Tanpa kepemimpinan yang jelas, ESG rentan menjadi respons jangka pendek yang dangkal. Ketiadaan kerangka yang kuat membuat inisiatif keberlanjutan kehilangan daya dorong strategis dan hanya berakhir sebagai laporan formal.
Mitos 5: Governance (G) adalah Bagian yang Sama Pentingnya dalam ESG
Komponen tata kelola (governance) sering kali dianggap setara dengan aspek lingkungan dan sosial. Padahal, peran tata kelola jauh lebih mendasar. Tata kelola merupakan sistem pengawasan dan pengendalian yang menjadi fondasi dari seluruh kebijakan ESG. Sayangnya, banyak perusahaan yang mengabaikan pilar ini. Mereka mengadopsi ESG tanpa memperkuat struktur tata kelola yang mendasarinya.
Tanpa sistem tata kelola yang solid, ESG hanya menjadi wacana. Tidak ada jaminan bahwa nilai-nilai keberlanjutan akan diwujudkan dalam keputusan bisnis sehari-hari.
Mitos 6: Peringkat ESG Adalah Ukuran yang Akurat
Banyak pihak mengandalkan peringkat ESG dari lembaga pemeringkat independen untuk menilai kualitas ESG suatu perusahaan. Namun, penelitian menunjukkan adanya perbedaan tajam antar peringkat dari lembaga yang berbeda. Dalam banyak kasus, dua lembaga dapat memberikan skor ESG yang bertolak belakang terhadap perusahaan yang sama.
Hal ini mencerminkan belum adanya standar metodologi yang seragam. Ketika sistem pemeringkatan tidak transparan dan subjektif, kredibilitasnya patut dipertanyakan. Padahal, banyak investor dan masyarakat umum sangat bergantung pada peringkat ini dalam pengambilan keputusan.
Mitos 7: Kewajiban Pengungkapan ESG Akan Menyelesaikan Segalanya
Pengungkapan ESG dianggap sebagai langkah menuju transparansi.
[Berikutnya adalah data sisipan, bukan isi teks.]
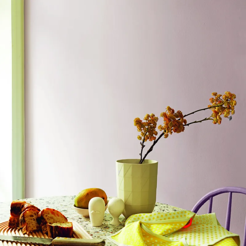 Flinta är en underbar grå kulör – en ljus grårosa ton som är kall och fungerar som en perfekt bas. Den är enkel att kombinera och passar fint till toner av blå, beige, mörkgrön och krispigt vita. Passar till interiörer med mycket trä, naturliga material och växter.

Namun, pelaporan semata tidak menjamin pemahaman yang lebih baik. Tanpa standar pelaporan yang jelas dan sistem audit yang memadai, informasi ESG justru dapat menjadi sumber kebingungan atau bahkan disalahgunakan.
Selain itu, standar pelaporan yang terlalu kompleks dapat menjadi beban tambahan, terutama bagi pelaku usaha kecil dan menengah. Oleh karena itu, kebijakan pelaporan perlu memperhatikan proporsionalitas serta efektivitas informasi yang disampaikan kepada publik.
Menuju Praktik ESG yang Lebih Bermakna
Untuk menghadapi kompleksitas ESG, perusahaan perlu beranjak dari sekadar simbolisme menuju integrasi substansial. ESG yang bermakna menuntut penguatan tata kelola, penggunaan data dan analisis risiko sebagai dasar kebijakan, serta pelibatan pemangku kepentingan secara berkelanjutan.
Lebih dari itu, dibutuhkan mekanisme evaluasi independen yang mampu mengukur efektivitas ESG secara objektif dan menyeluruh. Kerja sama antara regulator, lembaga keuangan, dan pelaku pasar sangat penting untuk membentuk ekosistem yang mendorong kualitas dan bukan sekadar kepatuhan administratif.
ESG bukanlah solusi instan atas seluruh persoalan sosial dan lingkungan. Namun, jika dijalankan dengan niat tulus, pendekatan berbasis bukti, serta tata kelola yang kokoh, ESG tetap merupakan jalan strategis menuju dunia usaha yang lebih bertanggung jawab dan berkelanjutan.